The cluster module will comprise more than 1300 nodes and achieve a performance of more than 5 PetaFLOP/s (FP64, HPL). The silicon powering the cluster is the Rhea1 processor, a processor developed in Europe as part of the EPI project and commercialised by SiPearl. Rhea, like Grace, utilises the ARM instruction set architecture (ISA), with the unique feature of providing exceptionally high memory bandwidth through the use of HBM2e memory.

Each cluster node has two Rhea1 processors based on the ARM Neoverse Zeus ISA, providing scalable vector engines (SVE) for improved performance. In addition to HBM memory, each node offers 512 GB of DDR5 main memory.
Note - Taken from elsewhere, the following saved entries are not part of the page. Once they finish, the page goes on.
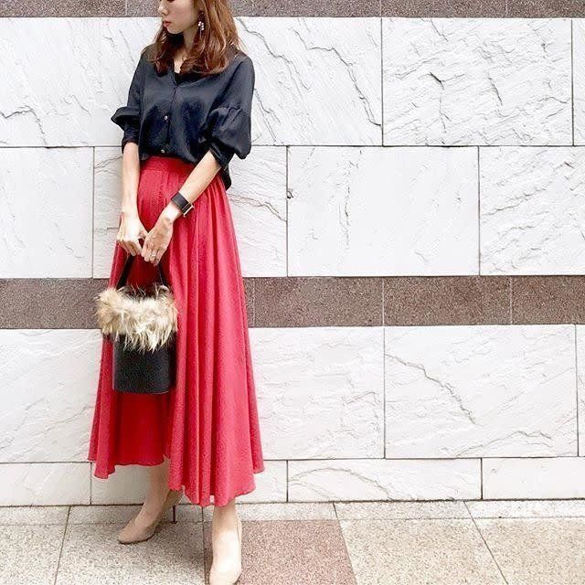 気になる太ももはフレアスカートで隠しつつ、細い足首は出して強調する。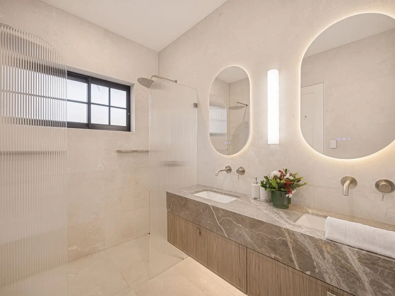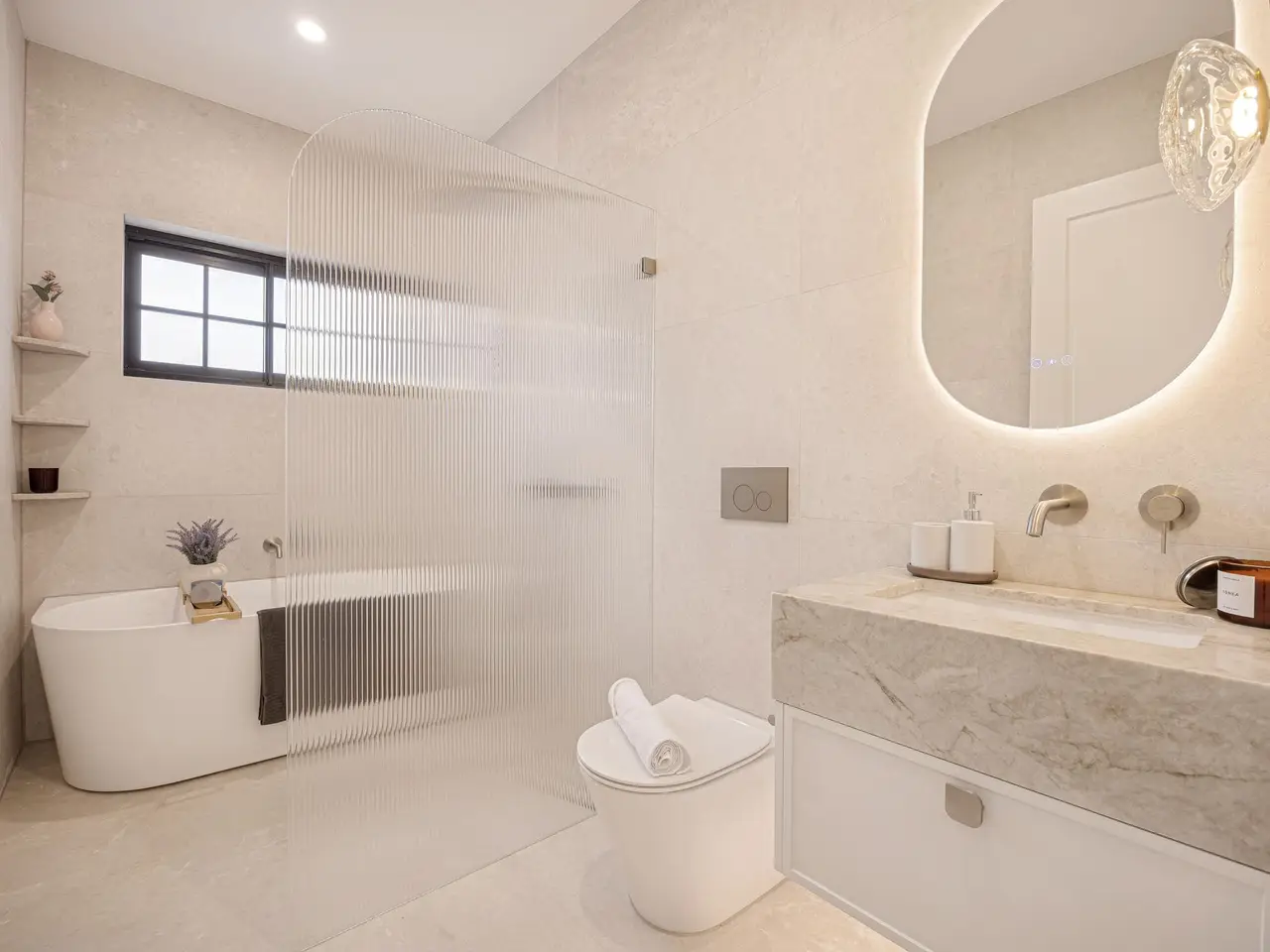 Luxurious fully tiled bathrooms with soaking tub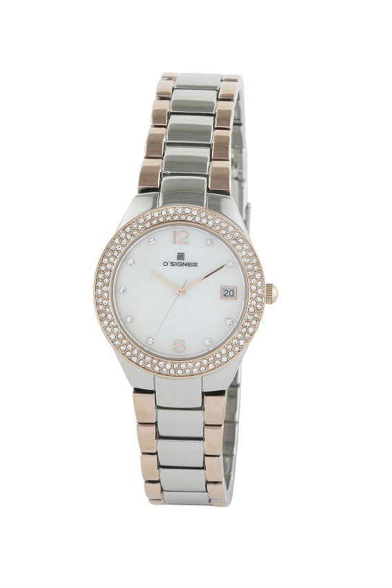 Featured here is a ladies watch with an elegant rose gold two toned design. It has a MOP dial with date feature and is embellished with gemstones on the bezel. This watch delivers reliable accuracy and is excellent for matching with all kinds of outfits.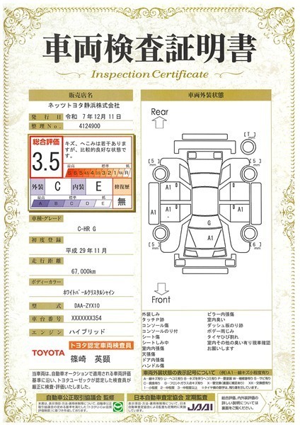 詳細及び現状の車両状態につきましては、店舗スタッフまでお尋ねください。 - 注2)上記と同様の評価点・状態表を「車両検査証明書」として店舗の展示車両に搭載しております。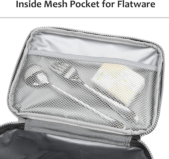 - LARGE CAPACITY: Measuring 9.8 x 7 x 7.8 inches, this adult lunch box offers plenty of room for meals and snacks. It also features a front zipper pocket for essentials like keys and napkins, side mesh pockets for water bottles, and an interior mesh pocket for cutlery like forks, spoons, and knives, making it the perfect lunch box for men or women who pack meals for the day.

Dedicated nodes with 1 TB of main memory will also be available.

The nodes are again based on the BullSequana XH3000 architecture and will be integrated into the global NVIDIA Mellanox InfiniBand interconnect with one NDR200 link per node.

JUPITER high-speed interconnect network

At the core of the system, the InfiniBand NDR network connects 25 DragonFly+ groups in the booster module and a total of 2 additional groups for the cluster module, storage and administrative infrastructure. The network is fully connected, with more than 11000 global 400 Gb/s links connecting all groups.

Within each group, connectivity is maximised,with a full fat-tree topology. Within this, leaf and spine switches utilise dense 64-port Quantum-2 NDR switches with 400 Gbps ports; leaf switches use split ports to connect to 4 HCAs per node on the booster module (1 HCA per node on the cluster module), each with 200 Gbps.

In total, the network comprises almost 51,000 links and 102,000 logical ports, with 25,400 endpoints and 867 high-radix switches, and still has free ports for future expansion, for example for additional computing modules.

The network was developed with HPC and AI use cases in mind. Its adaptive routing and advanced in-network computing capabilities enable a highly balanced, scalable and cost-effective structure for ground-breaking scientific applications.

ExaFLASH and ExaSTORE

JUPITER will provide access to multiple storage systems. Under the JUPITER contract, a storage system with 21 PB of usable high-bandwidth, low-latency flash memory will be provided as scratch memory.

The scratch storage is based on 40 IBM Elastic Storage Server 3500 systems using NVMe disk technology and based on the IBM Storage Scale solution. With a raw capacity of 29 PB and a usable capacity of 21 PB, it will deliver a write speed of more than 2 TB/s and a read speed of 3 TB/s.

In addition, a high-performance storage module with a raw capacity of more than 300 PB and a tape infrastructure for backup and archiving purposes with a capacity of more than 700 PB will be provided. The systems are connected directly to JUPITER, but are part of independent procurements. Dedicated servers will be available for data exchange between the individual storage systems.

Service partitioning and system management

JUPITER will be installed and operated via the unique JUPITER Management Stack. This is a combination of Smart Management Center xScale (Atos/Eviden), ParaStation Modulo (ParTec) and software components from JSC.

Slurm is used for workload and resource management, extended by ParaStation components. The backbone of the background management stack is a Kubernetes environment that relies on a highly available Ceph storage. The management stack is used to install and manage all hardware and software components of the system.

More than 20 login nodes will provide SSH access to the system’s various modules. In addition, the system will be integrated into the Jupyter environment at the JSC and made available via UNICORE.